Viruses are frequently transmitted through propagated material but, depending on the virus, can also be transmitted via insect or mite vectors, pollen, mechanical transfer via contaminated hands and tools, and nematode vectors in the soil. Some viruses can be transmitted via seed, but generally these are a minority and therefore seed propagation is often a useful way to ensure virus free plant material.

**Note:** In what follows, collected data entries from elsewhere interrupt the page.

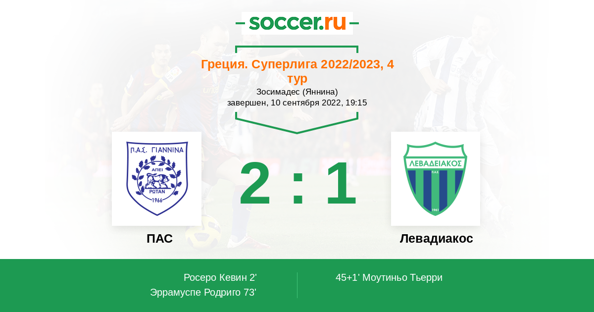 Протокол матча ПАС против Левадиакос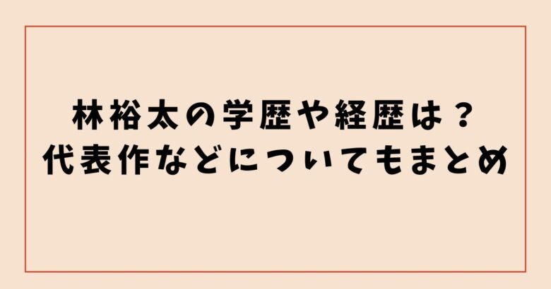 また、林裕太さんの経歴や代表作などについても知りたい方も多いはずです!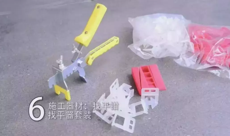 首先我们要准备瓷砖胶、三孔玻璃吸、锯齿状抹灰器、灰勺、橡胶锤、靠尺、找平钳套装、清洁抹布。

INSV and TSWV are two of over twenty viruses in the genus Orthotospoviruses (named after TSWV). INSV and TSWV are very closely related, and INSV was initially thought to be a strain of TSWV when it was first discovered. TSWV infects ornamentals and glasshouse vegetables such as tomatoes and peppers; INSV tends to be confined to ornamentals. Both viruses can sometimes be found in a single plant.

TSWV and INSV are transmitted exclusively by thrips. A number of different thrips species can transmit these viruses with the most important being the western flower thrips (Frankliniella occidentalis). The thrips vectors can only acquire TSWV and INSV in the larval stage when feeding on an infected plant. Adult thrips cannot acquire the virus through feeding, but an adult thrips that has acquired the virus at the larval stage will then go on to transmit the virus to susceptible plants for the rest of its life.

In addition to the symptoms described above, some affected plants remain symptomless for extended periods. These plants are a particular risk as they appear healthy yet act as a source of the virus.

A range of weed species can also be infected by these viruses.